Young people describe justice involvement as:

  • Being punished for trauma no one asked about

  • Feeling unheard, unseen, or misjudged

  • Trying to stay stable while moving through facilities

  • Being separated from siblings, caregivers, and community

  • Carrying labels that follow them long after release

“I was fighting to survive, not to be criminalized.”
— Youth, formerly incarcerated

“They saw my file, not my reality.”
— System-impacted teen

Cages don’t create safety.

Connection does.

Infographic titled 'By the Numbers' with statistics about youth incarceration and mental health, featuring icons of a head, a girl, a raised fist, houses, and a dove. Includes the logo of 'The Lost & Found Institute'.

When Systems Collide

Justice involvement rarely happens alone — it sits at the intersection of multiple systems:

Juvenile Justice + Foster Care

Youth with 5+ placements or group home histories are significantly more likely to be detained.

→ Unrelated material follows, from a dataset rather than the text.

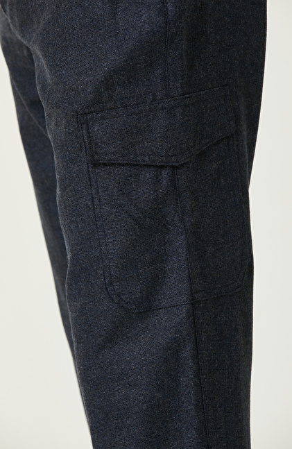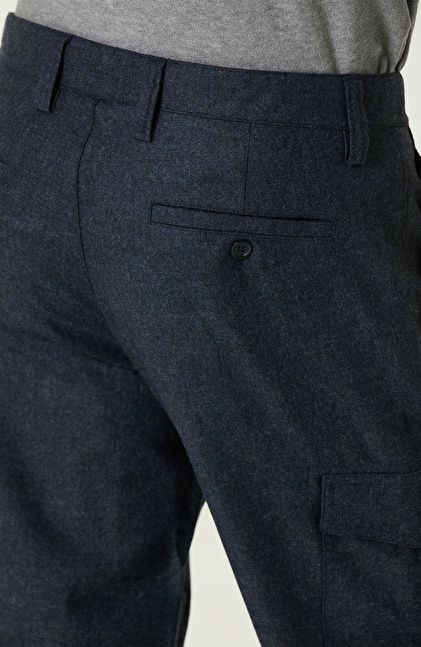 Slim Fit; Normal Bel; Düz Paça; Dokuma Yün Pantolon; Yan Cepli

Juvenile Justice + Mental Health

Unmet behavioral health needs lead to charges, not care.

Juvenile Justice + Schools

Suspensions, expulsions, and policing in schools push youth into courts (“the school-to-prison pipeline”).

Juvenile Justice + Poverty

Fees, fines, transportation barriers, court requirements, and supervision demands disproportionately impact youth in poverty.

Juvenile Justice + Racial Justice

Black, Indigenous, and Latine youth face significantly harsher treatment at every decision point.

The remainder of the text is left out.